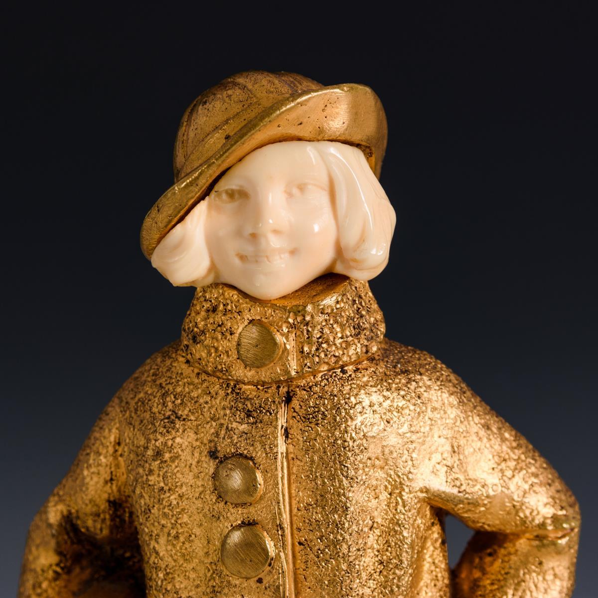 Bronze mit goldfarbenem Überzug, Elfenbein, weiße Marmor-Plinthe.
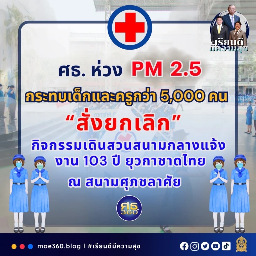 ศธ. ห่วง PM 2.5 กระทบเด็กและครูกว่า 5,000 คน สั่งยกเลิกกิจกรรมเดินสวนสนามกลางแจ้ง งาน 103 ปี ยุวกาชาดไทย ที่สนามศุภฯ
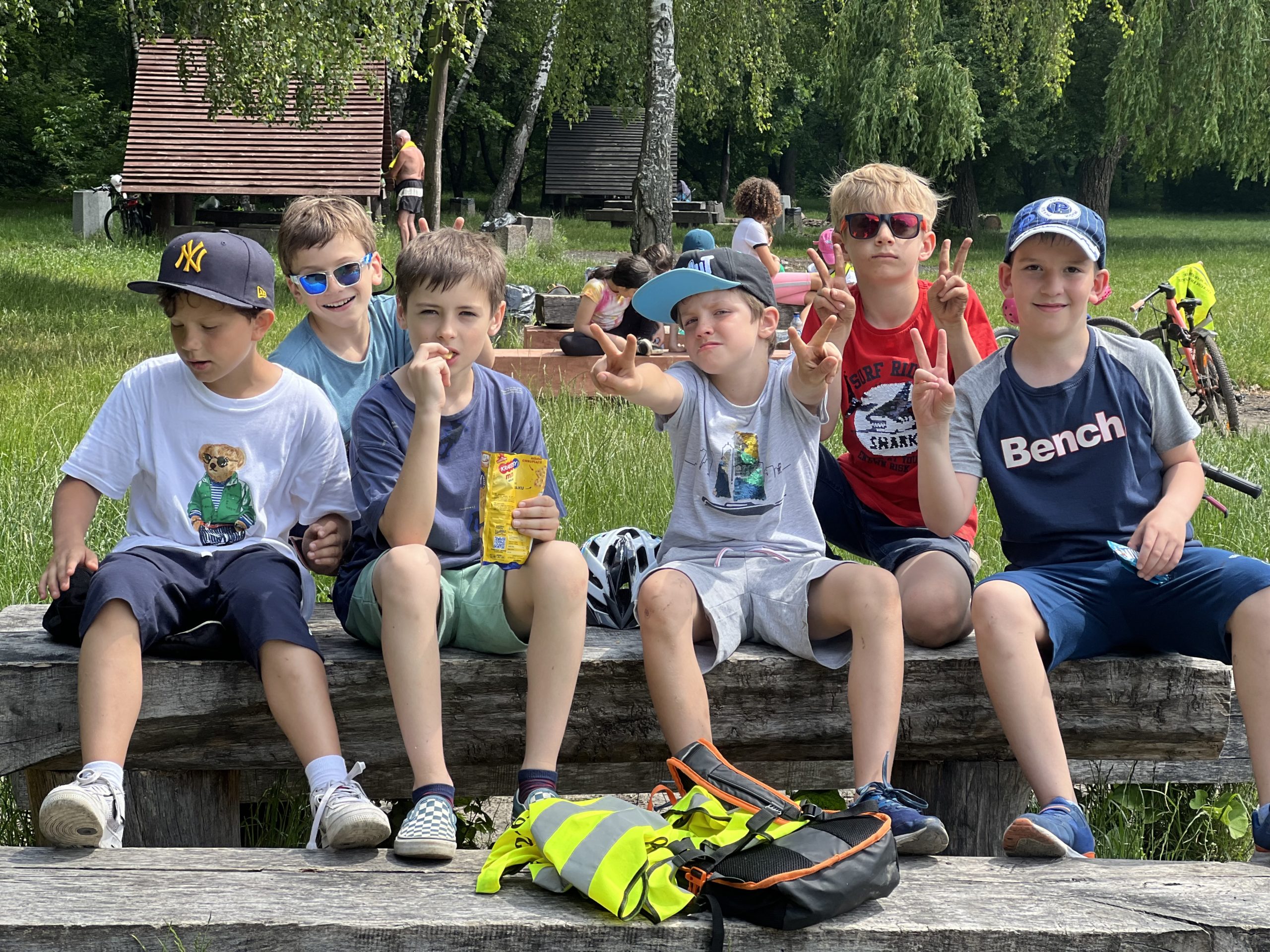 Przez całą przejażdżkę naszych młodych rowerzystów nie opuszczał hart ducha i kontynuowali jazdę nawet pod wiatr. Było warto, ponieważ na mecie czekał na nich świetny piknik na łonie natury!

• **YOUR INSTRUCTIONS**
Start with the line that holds "ศธ. ห่วง PM" and retype each line through the last one in the data, exactly and without pictures.

• **RESPONSE TO THE EXERCISE**
 ศธ. ห่วง PM 2.5 กระทบเด็กและครูกว่า 5,000 คน สั่งยกเลิกกิจกรรมเดินสวนสนามกลางแจ้ง งาน 103 ปี ยุวกาชาดไทย ที่สนามศุภฯ
 Przez całą przejażdżkę naszych młodych rowerzystów nie opuszczał hart ducha i kontynuowali jazdę nawet pod wiatr. Było warto, ponieważ na mecie czekał na nich świetny piknik na łonie natury!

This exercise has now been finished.